TASK OBJECTIVE: Lines from the one containing "легкой и непринужденной." through the final line of the data, restated word for word and free of pictures, make up the whole answer.

RECORDED INFORMATION:

<<<<

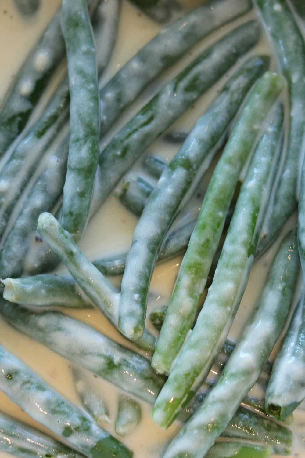 - Don't overcook the green beans: Boil just until bright green and crisp-tender; they'll soften a bit more once the hot cream sauce goes on.
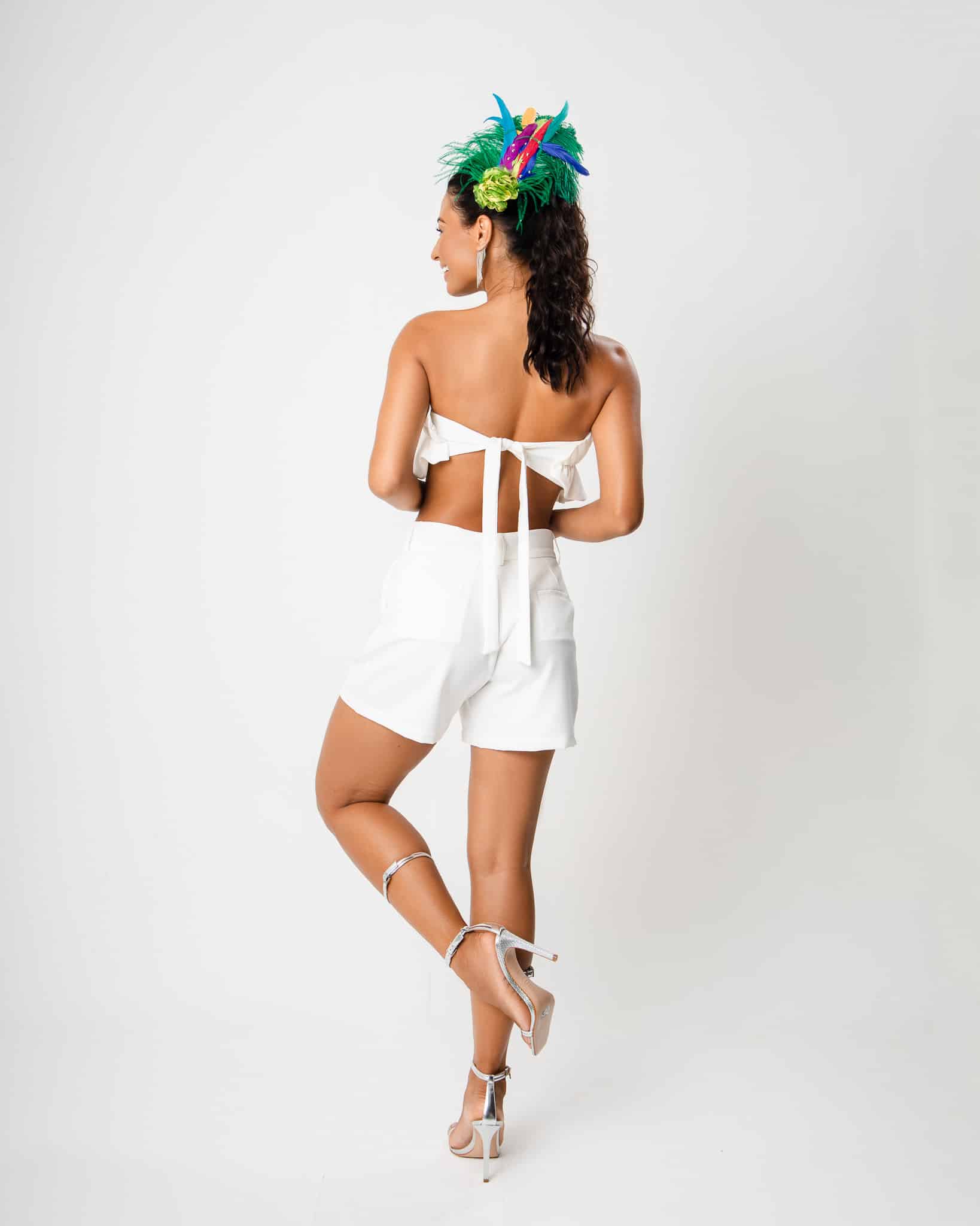 Cropped tomara que caia, encorpado, fechamento em amarração nas costas.
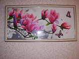 Алмазная вышивка «Ветка магнолии» сочетает в себе красоту цветовой гаммы и оригинальность композиции. На светлом размытом фоне насыщенно-фиолетовые цветки смотрятся еще более выразительно и эффектно. А едва заметные бабочки тех же тонов делают работу легкой и непринужденной.
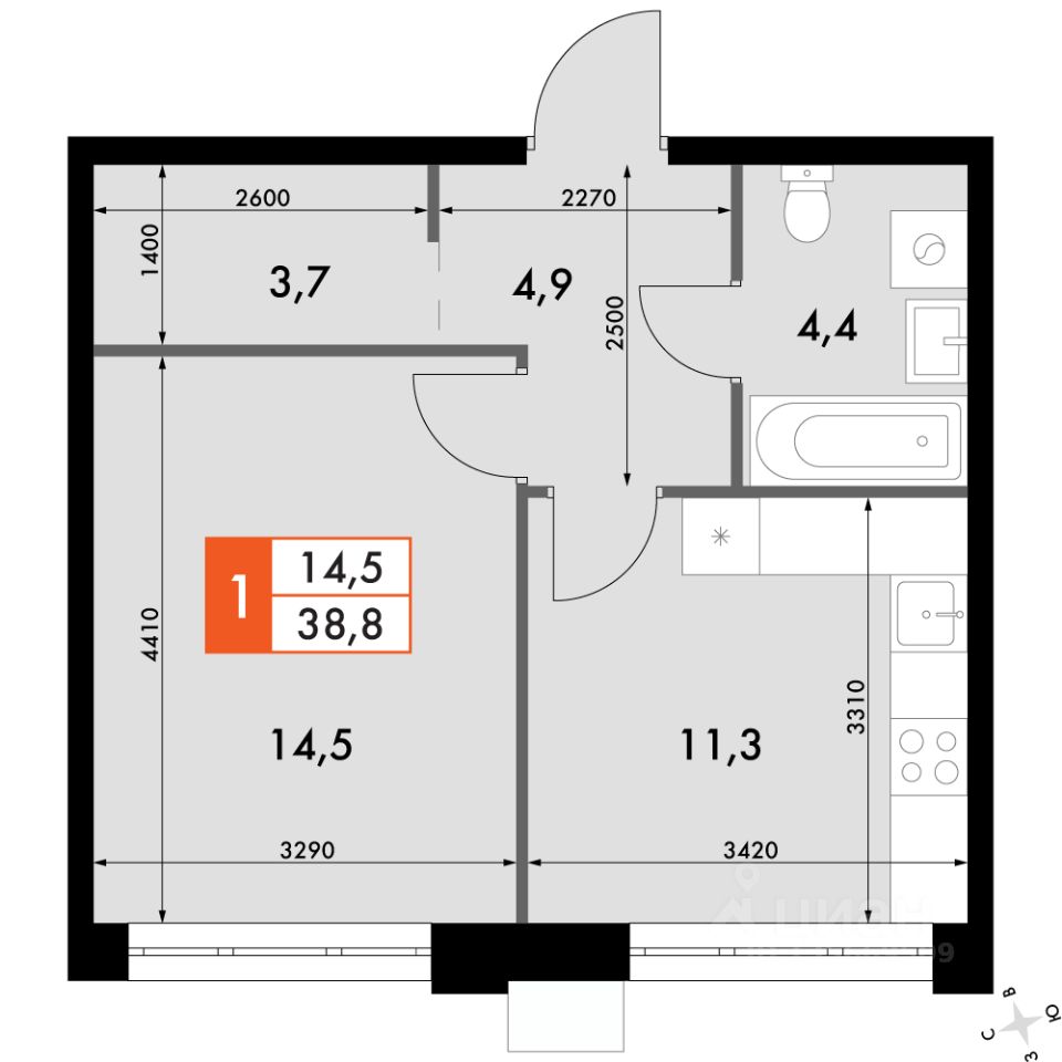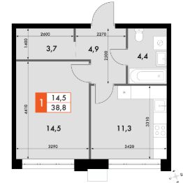Продаётся 1-к квартира номер 617 общей площадью 38.8 кв.м. на 11-м этаже 12 этажного здания. Отделка Whitebox. Цена с учётом скидки.

>>>>

RESPONSE BOX:
 Алмазная вышивка «Ветка магнолии» сочетает в себе красоту цветовой гаммы и оригинальность композиции. На светлом размытом фоне насыщенно-фиолетовые цветки смотрятся еще более выразительно и эффектно. А едва заметные бабочки тех же тонов делают работу легкой и непринужденной.
Продаётся 1-к квартира номер 617 общей площадью 38.8 кв.м. на 11-м этаже 12 этажного здания. Отделка Whitebox. Цена с учётом скидки.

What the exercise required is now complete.